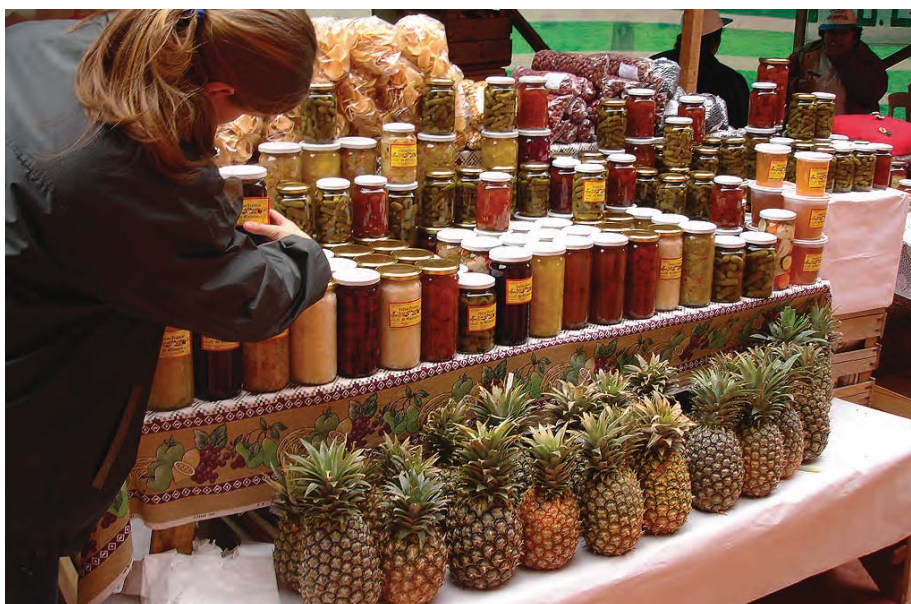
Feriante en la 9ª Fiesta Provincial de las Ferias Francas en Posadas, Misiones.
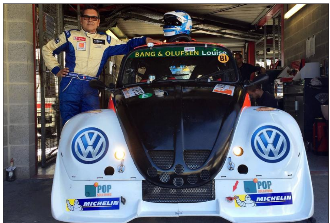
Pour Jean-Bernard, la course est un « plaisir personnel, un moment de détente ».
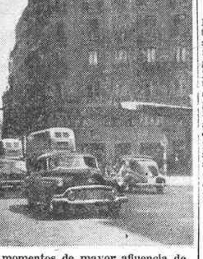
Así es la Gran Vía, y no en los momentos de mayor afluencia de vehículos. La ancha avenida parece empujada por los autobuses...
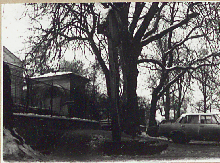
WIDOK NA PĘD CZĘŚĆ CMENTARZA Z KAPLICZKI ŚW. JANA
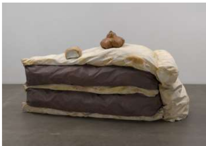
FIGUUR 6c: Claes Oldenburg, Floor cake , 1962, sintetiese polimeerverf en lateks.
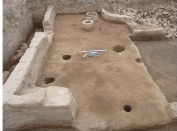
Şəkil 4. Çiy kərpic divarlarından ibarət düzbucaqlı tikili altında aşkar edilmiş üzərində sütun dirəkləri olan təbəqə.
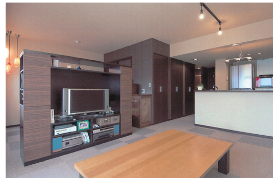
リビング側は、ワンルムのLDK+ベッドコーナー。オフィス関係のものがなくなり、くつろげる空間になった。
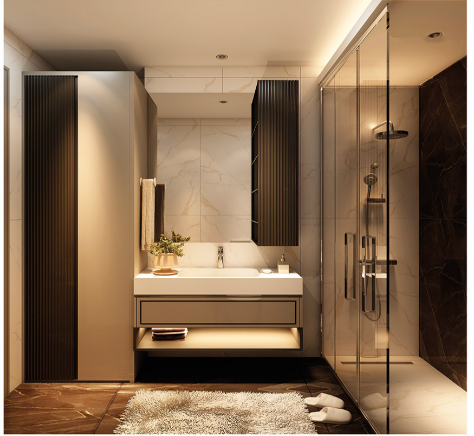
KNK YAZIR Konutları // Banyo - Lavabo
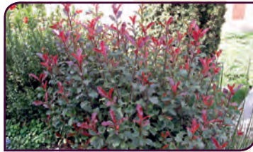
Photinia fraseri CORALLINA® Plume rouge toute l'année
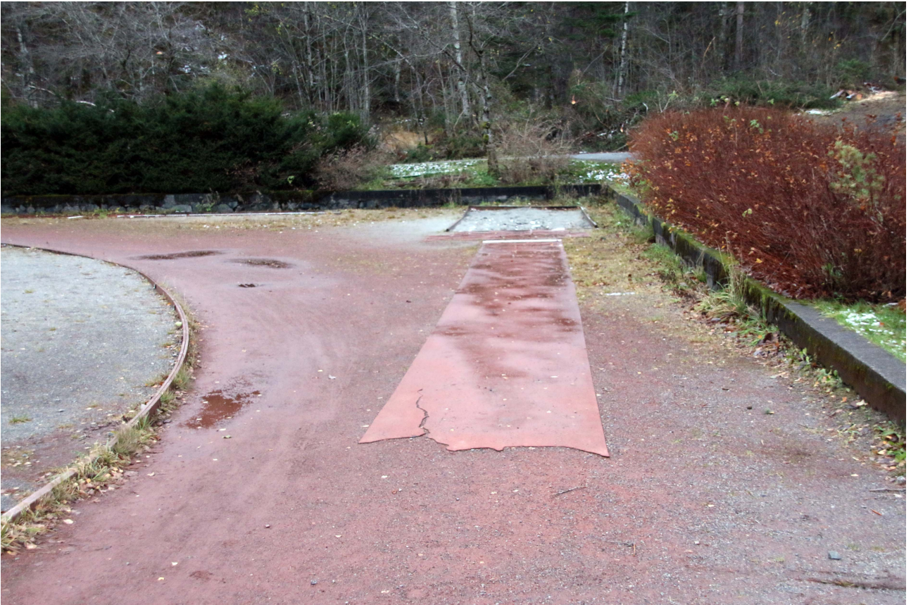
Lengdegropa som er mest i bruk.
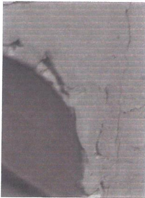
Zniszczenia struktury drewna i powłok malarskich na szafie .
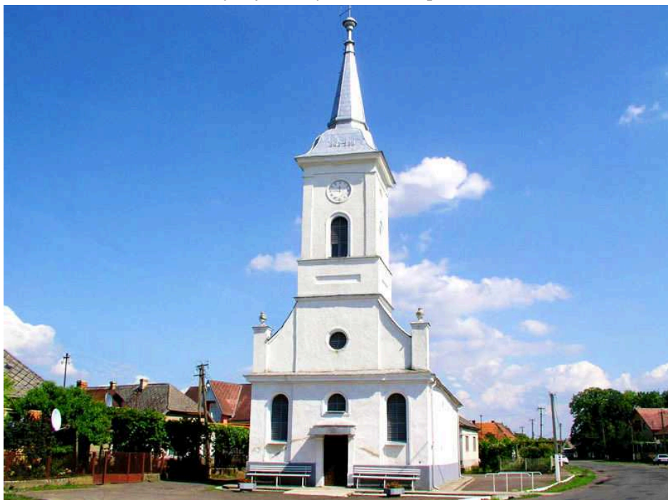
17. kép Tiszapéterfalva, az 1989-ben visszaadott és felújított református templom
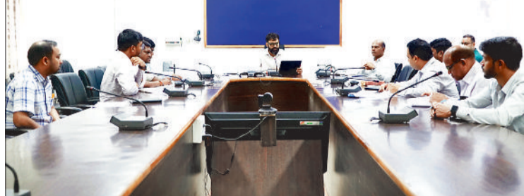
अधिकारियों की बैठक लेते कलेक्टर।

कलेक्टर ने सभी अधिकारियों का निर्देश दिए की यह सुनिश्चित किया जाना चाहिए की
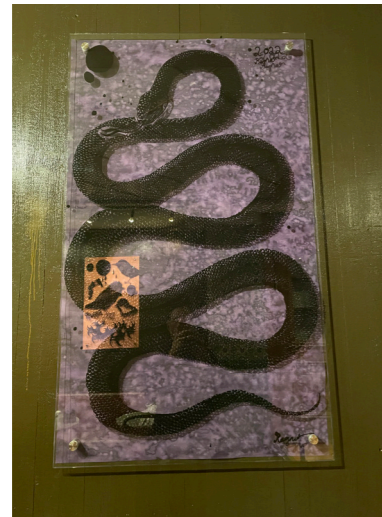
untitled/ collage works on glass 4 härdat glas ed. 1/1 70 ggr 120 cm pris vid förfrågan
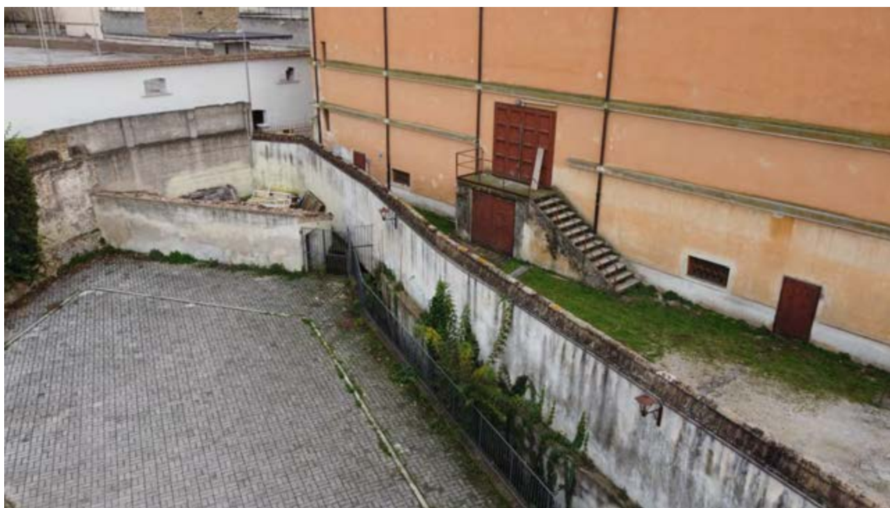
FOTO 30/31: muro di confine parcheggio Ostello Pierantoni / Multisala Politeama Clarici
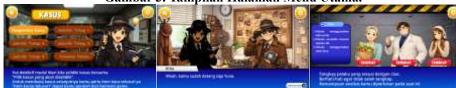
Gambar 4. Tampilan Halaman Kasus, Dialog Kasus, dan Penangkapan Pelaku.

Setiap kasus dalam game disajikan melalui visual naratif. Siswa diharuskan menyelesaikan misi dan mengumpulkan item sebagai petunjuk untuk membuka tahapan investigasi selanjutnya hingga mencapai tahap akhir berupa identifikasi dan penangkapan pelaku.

# # # # # # #

— WHAT TO PRODUCE —
The entries above are to be repeated in full, except for their pictures.

— ANSWER FOR THE TASK —
Feriante en la 9ª Fiesta Provincial de las Ferias Francas en Posadas, Misiones.
Pour Jean-Bernard, la course est un « plaisir personnel, un moment de détente ».
Así es la Gran Vía, y no en los momentos de mayor afluencia de vehículos. La ancha avenida parece empujada por los autobuses...
WIDOK NA PĘD CZĘŚĆ CMENTARZA Z KAPLICZKI ŚW. JANA
FIGUUR 6c: Claes Oldenburg, Floor cake , 1962, sintetiese polimeerverf en lateks.
Şəkil 4. Çiy kərpic divarlarından ibarət düzbucaqlı tikili altında aşkar edilmiş üzərində sütun dirəkləri olan təbəqə.
リビング側は、ワンルムのLDK+ベッドコーナー。オフィス関係のものがなくなり、くつろげる空間になった。
KNK YAZIR Konutları // Banyo - Lavabo
Photinia fraseri CORALLINA® Plume rouge toute l'année
Lengdegropa som er mest i bruk.
Zniszczenia struktury drewna i powłok malarskich na szafie .
17. kép Tiszapéterfalva, az 1989-ben visszaadott és felújított református templom
अधिकारियों की बैठक लेते कलेक्टर।

कलेक्टर ने सभी अधिकारियों का निर्देश दिए की यह सुनिश्चित किया जाना चाहिए की
untitled/ collage works on glass 4 härdat glas ed. 1/1 70 ggr 120 cm pris vid förfrågan
FOTO 30/31: muro di confine parcheggio Ostello Pierantoni / Multisala Politeama Clarici
Gambar 4. Tampilan Halaman Kasus, Dialog Kasus, dan Penangkapan Pelaku.

Setiap kasus dalam game disajikan melalui visual naratif. Siswa diharuskan menyelesaikan misi dan mengumpulkan item sebagai petunjuk untuk membuka tahapan investigasi selanjutnya hingga mencapai tahap akhir berupa identifikasi dan penangkapan pelaku.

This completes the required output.